The veterinarian Guillaume, a broad-shouldered man with great bushy eyebrows, explained everything to a group in the village one afternoon. Famously a devoted bachelor, Guillaume had later in life found himself a small-boned wife, a considerably younger woman, in Bayeux. Initially people thought Marie was a snob, but gradually they learned it was only that she was as shy as a newborn deer. They had just the one daughter, Fleur, barely a teen but already a staggering beauty. Timid like her mother, she wore a blue apron with patch pockets, in which her hands continuously fiddled with whatever lay hidden there.
Days after hanging the verboten posters, the occupying army was away performing maneuvers on the beach, their trucks and tanks and the thud of mortars firing, which enabled Guillaume to speak freely. Still the people formed a tight scrum in front of the row of shops, shoulder to shoulder.

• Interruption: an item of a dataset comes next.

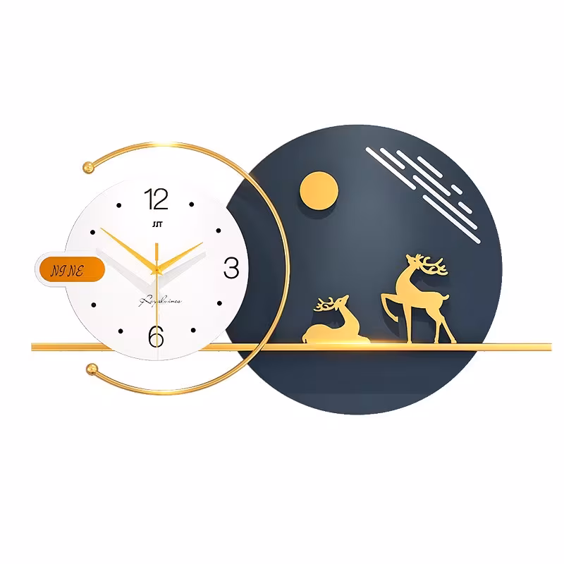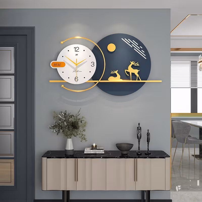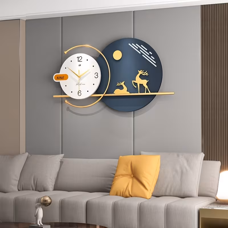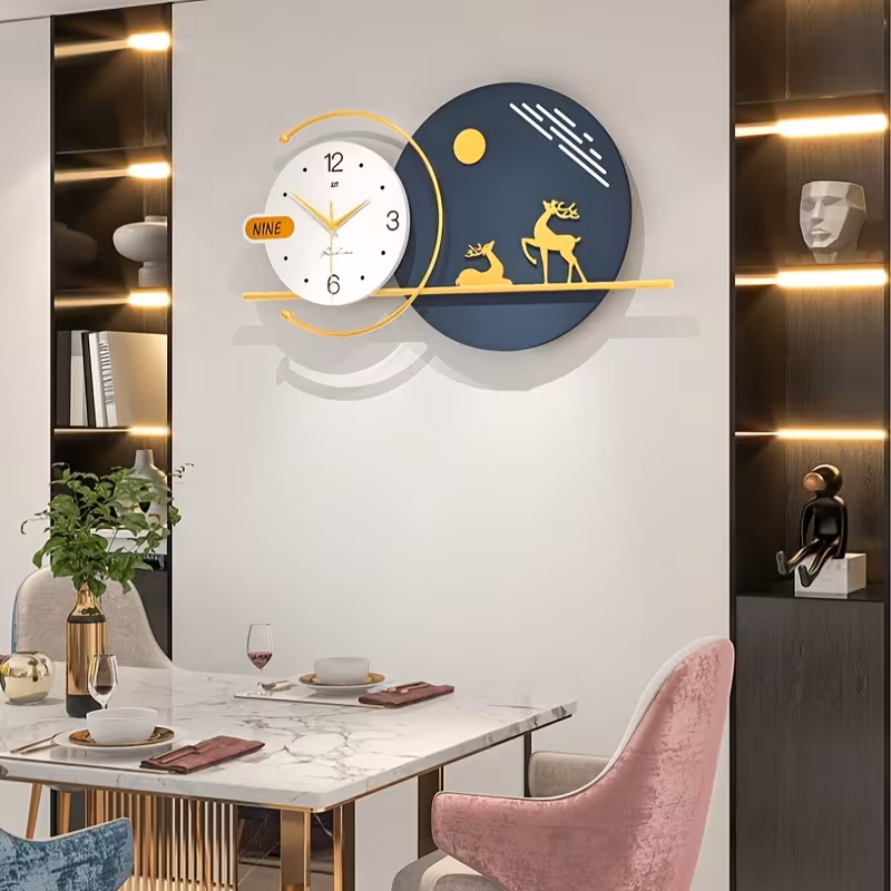 ساعة حائط عصرية وبسيطة لغرفة المعيشة، تضيف لمسة ديكور أنيقة وعالية الجودة للمنزل. تصميم مبتكر يصلح أيضًا كساعة طعام إبداعية، تجمع بين الجمال والوظيفة العملية لتزيين المساحات الداخلية بشكل راقٍ.
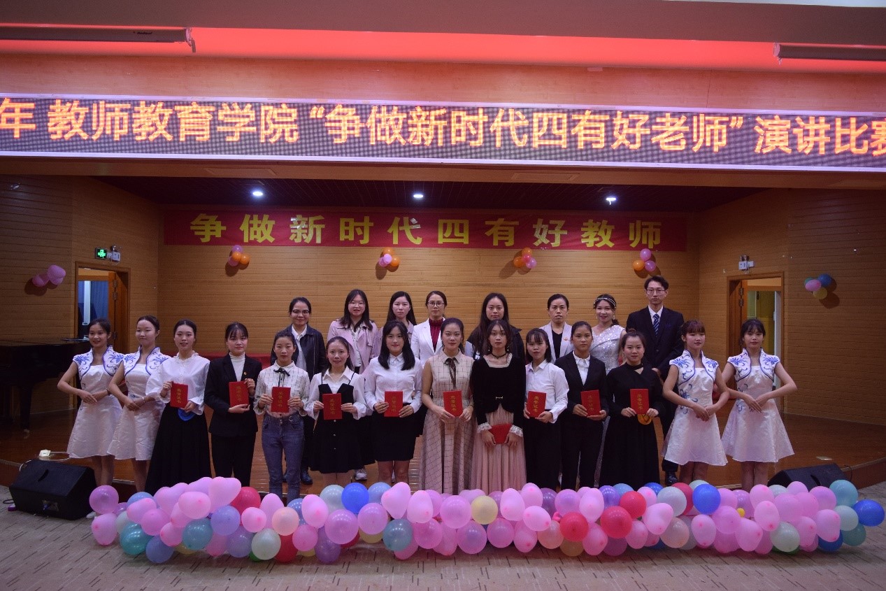 比赛中,选手们围绕“争做新时代四有好教师”的主题声情并茂的阐述自己的观点,赢得评委以及观众的热烈掌声。在第二轮的即兴演讲环节,选手们并没有被即时抽题和短暂的准备时间而影响,在赛场上展示出深厚的演讲功底,随之将比赛推向高潮。经过激烈的角逐,郑炜潆、陈雨同学获得决赛冠军!在经久不息的掌声中,决赛落下了帷幕。

The one exception was the Goat, who listened from the periphery. A ragged young man with a half-grown beard whose actual name was Didier, the Goat sometimes slept on a shelf in Emma’s empty hog shed, emerging in the morning steeped in the smell of pig urine, a scent as pungent as ammonia. Also, he would argue over the least thing. Once she had heard him dispute with Yves, an experienced fisherman, over the direction of the wind. Whether it was due to his fragrance, therefore, or his antagonistic nature, the villagers’ otherwise close circle gave the Goat ample room. Emma, too, kept her distance from the group—and from the Goat, because of an event in their school days about which she was still angry. She lingered in the doorway of Uncle Ezra’s bakery, a mixing bowl in the crook of her arm, a wooden spoon in her free hand. Eyeing something across the square, she stirred and listened.